From: Duncan <1i5t5.duncan@cox.net>
To: linux-btrfs@vger.kernel.org
Subject: Re: How to properly and efficiently balance RAID6 after more drives are added?
Date: Thu, 3 Sep 2015 02:22:23 +0000 (UTC) [thread overview]
Message-ID: <pan$45a25$fd021e31$91d1cbe2$220454a1@cox.net> (raw)
In-Reply-To: 55E6F51B.3000007@netcologne.de
Christian Rohmann posted on Wed, 02 Sep 2015 15:09:47 +0200 as excerpted:
> Hey Hugo,
>
> thanks for the quick response.
>
> On 09/02/2015 01:30 PM, Hugo Mills wrote:
>> You had some data on the first 8 drives with 6 data+2 parity, then
>> added four more. From that point on, you were adding block groups with
>> 10 data+2 parity. At some point, the first 8 drives became full, and
>> then new block groups have been added only to the new drives, using 2
>> data+2 parity.
>
> Even though the old 8 drive RAID6 was not full yet? Read: There was
> still some terabytes of free space.
At this point we're primarily guessing (unless you want to dive deep into
btrfs-debug or the like), because the results you posted are from after
you added the set of four new devices to the existing eight.
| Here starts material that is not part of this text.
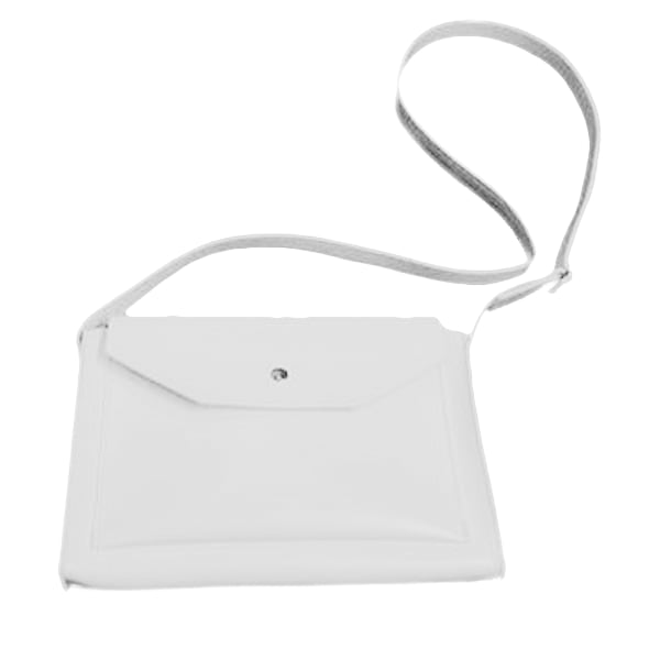 Noteveske fra Unica, laget i hvit skai med mykt stoff på innsiden. Hovedrommet har målene 27 x 17 x 3cm. Den har også en litt mindre utvendig lomme på baksiden.
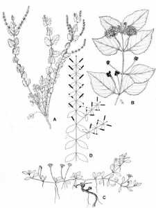 b) Las florescencias (o disyunciones) de madurez, que producen periódicamente los "verticilos".

We don't
have the btrfs fi show and df from before you added the new devices.
But what we /do/ know from what you posted (from after the add), the
previously existing devices are "100% chunk-allocated", size 3.64 TiB,
used 3.64 TiB, on each of the first eight devices.
I don't know how much of (the user docs on) the wiki you've read, and/or
understood, but for many people, it takes awhile to really understand a
few major differences between btrfs and most other filesystems.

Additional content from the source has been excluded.